++++ Exercise input
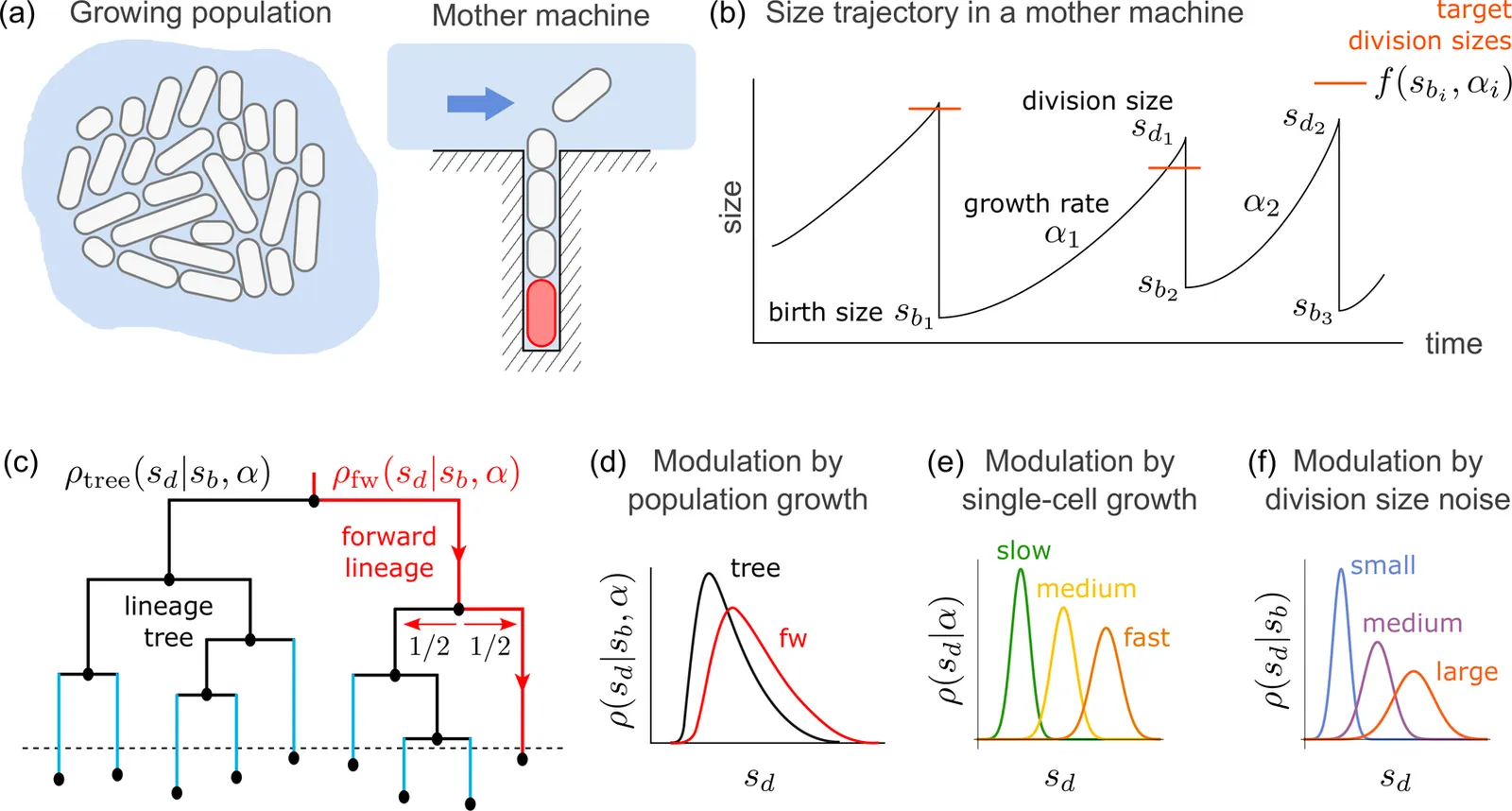 Living cells maintain size homeostasis by actively compensating for size fluctuations. Here, we present two stochastic maps that unify phenomenological models by integrating fluctuating single-cell growth rates and size-dependent noise mechanisms with cell size control. One map is applicable to mother machine lineages and the other to lineage trees of exponentially-growing cell populations, which reveals that population dynamics alter size control measured in mother machine experiments. For example, an adder can become more sizer-like or more timer-like at the population level depending on the noise statistics. Our analysis of bacterial data identifies extrinsic noise as the dominant mechanism of size variability, characterized by a quadratic conditional variance-mean relationship for division size across growth conditions. This finding contradicts the reported independence of added size relative to birth size but is consistent with the adder property in terms of the independence of the mean added size. Finally, we derive a trade-off between population-growth-rate gain and division-size noise. Correlations between size control quantifiers and single-cell growth rates inferred from data indicate that bacteria prioritize a narrow division-size distribution over growth rate maximisation.
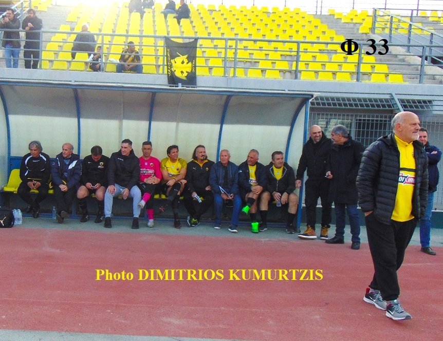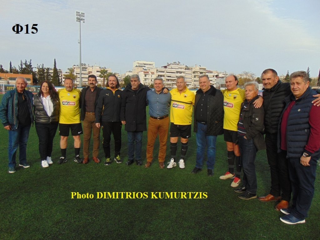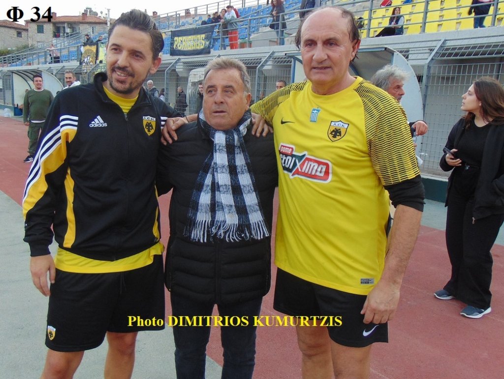 ΒΕΤΕΡΑΝΟΙ ΑΕΚ(Εκλέκτορας Δημήτρης(Τάκης). Καραγκιοζόπουλος): Χριστόφορος Βερβερής, Παναγιώτης Στυλιανόπουλος, Χρήστος Λουκίνας, Μιχάλης Καρούσης, Λύσσανδρος Γεωργαμλής Ηλίας Κυριακίδης, Μάρκος Μυλωνάς, Ιβάν Ρούσεφ, Χρήστος Παρθένης, Ντανιέλ Μπατίστα, Λάμπρος Γεωργιάδης (αρχική), Διονύσης Χιώτης, Χάρης Κοπιτσης, Ιωάννης Κοντοές, Παναγιώτης Παπαθεοδώρου, Ι. Ζωγράφος, Στέφανος Πορφύρης, Τριαντάφυλλος Παντελίδης. Με την αποστολή, παρόντες και ο πρόεδρος του Συνδέσμου και από τις ιστορικότερες εν ζωη φυσιογνωμίες της 78χρονος Γιώργος Καραφέσκος, Στην καριέρα του στην ΑΕΚ, ο «μπέμπης» όπως ήταν το ψευδώνυμό του, για τι έκανε ντεμπούτο 17ετων στην πρωτη ομάδα συμπλήρωσε 230 συμμετοχές με 28 γκολ και κατέκτησε δύο Πρωταθλήματα (1967-68, 1970-71) και ένα Κύπελλο Ελλάδας (1965-66), ενώ ήταν μέλος της ομάδας που έπαιξε Προημιτελικό Κυπέλλου Πρωταθλητριών το 1969.Ο 80χρονος Κώστας Νικολαϊδης, που ξεκίνησε τη καριέρα του από τον ΠΑΟΣαφράμπολης Νέας Ιωνίας και ένοιωθε σαν στο σπίτι του αφού βρήκε πολλούς γνώριμους. Με την φανέλα της ΑΕΚ συμπλήρωσε 248 συμμετοχές στο Πρωτάθλημα, πετυχαίνοντας 94 γκολ που τον κατατάσσουν στην 6η θέση των σκόρερ της Ένωσης. Κατέκτησε με την ΑΕΚ δυο Πρωταθλήματα (1967-68, 1970-71) και εναΚύπελλο Ελλάδας (1965-66).
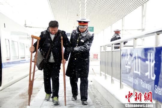 图为铁路工作人员帮助旅客进站。 秦姝 摄
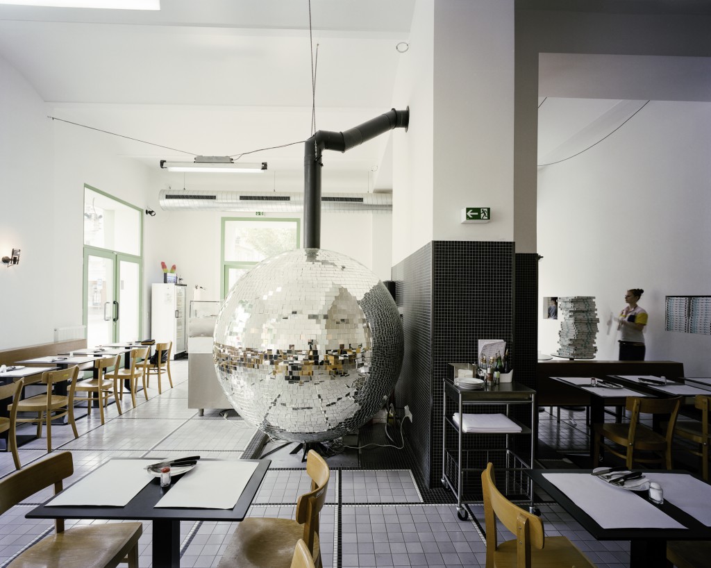 As the central object, he installed a fully functioning bread oven in the shape of a giant glowing disco balls. Covered with approx 7,500 pieces of glass, illuminated by brightly colored spotlights and rotating at 1 revolution per minute, in the evenings offers a whirlwind of light travel back in time to the Italo-disco era of the 70s and 80s.
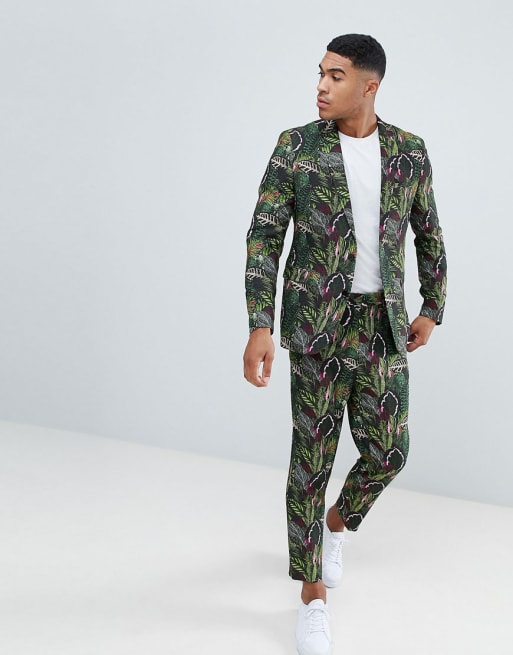 Traje ajustado con estampado verde botánico y efecto lino de ASOS DESIGN
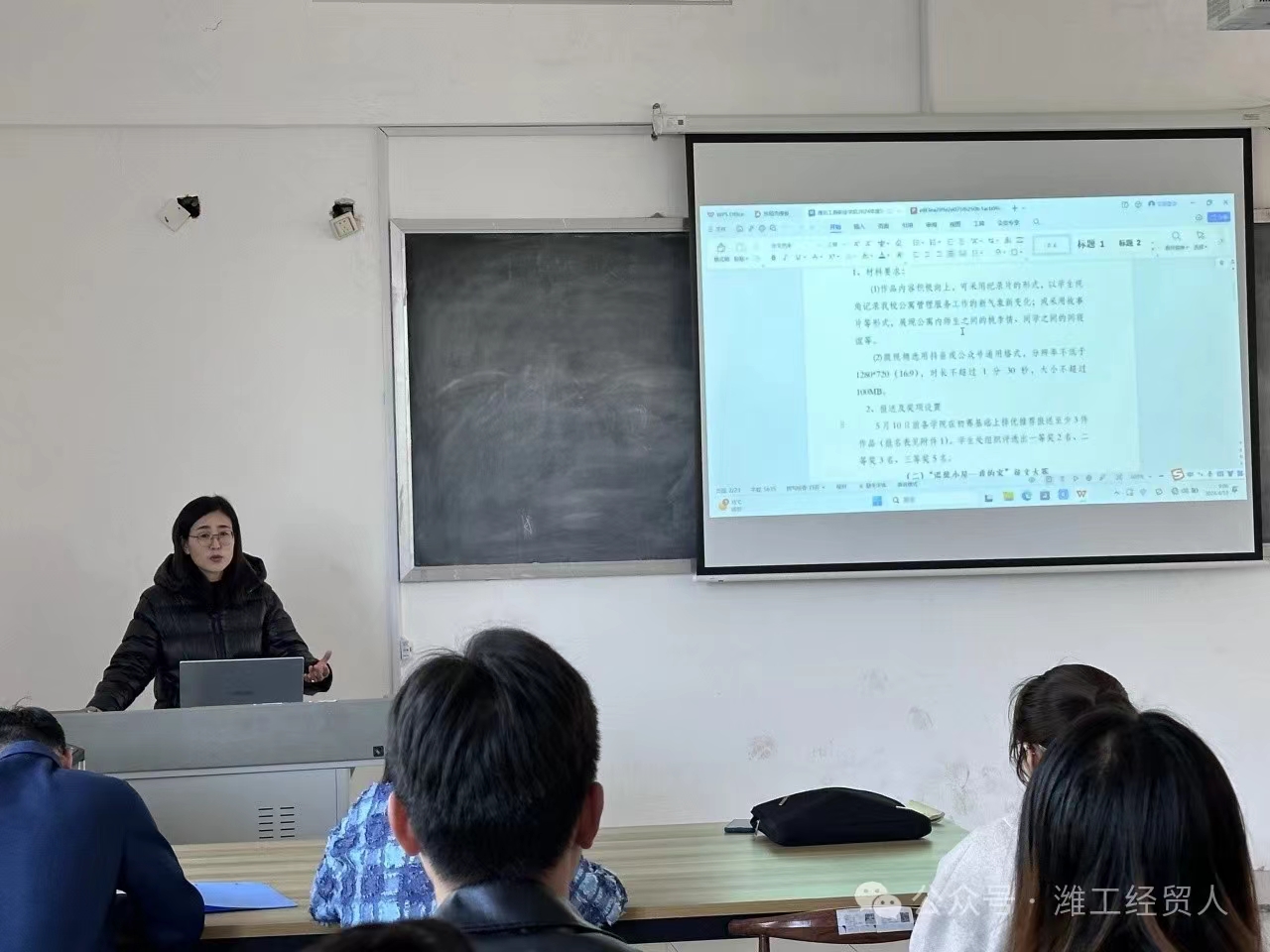 为深入贯彻落实立德树人根本任务,提升大学生公寓文化建设水平, 4月12日上午,经贸学院在尚智楼102教室召开公寓文化节筹备会议,经贸学院党支部书记谢瑞凤,党支部副书记万志峰、团支部书记褚琪、各班辅导员以及学生会骨干成员一起参加了该筹备会。会议由党支部书记谢瑞凤进行总部署。
++++++++
#### Exercise brief:
Once you find the line that contains "Traje ajustado con", reproduce it and every line after it through the end of the entries above, exactly as written, with no pictures.

#### Exercise answer:
 Traje ajustado con estampado verde botánico y efecto lino de ASOS DESIGN
 为深入贯彻落实立德树人根本任务,提升大学生公寓文化建设水平, 4月12日上午,经贸学院在尚智楼102教室召开公寓文化节筹备会议,经贸学院党支部书记谢瑞凤,党支部副书记万志峰、团支部书记褚琪、各班辅导员以及学生会骨干成员一起参加了该筹备会。会议由党支部书记谢瑞凤进行总部署。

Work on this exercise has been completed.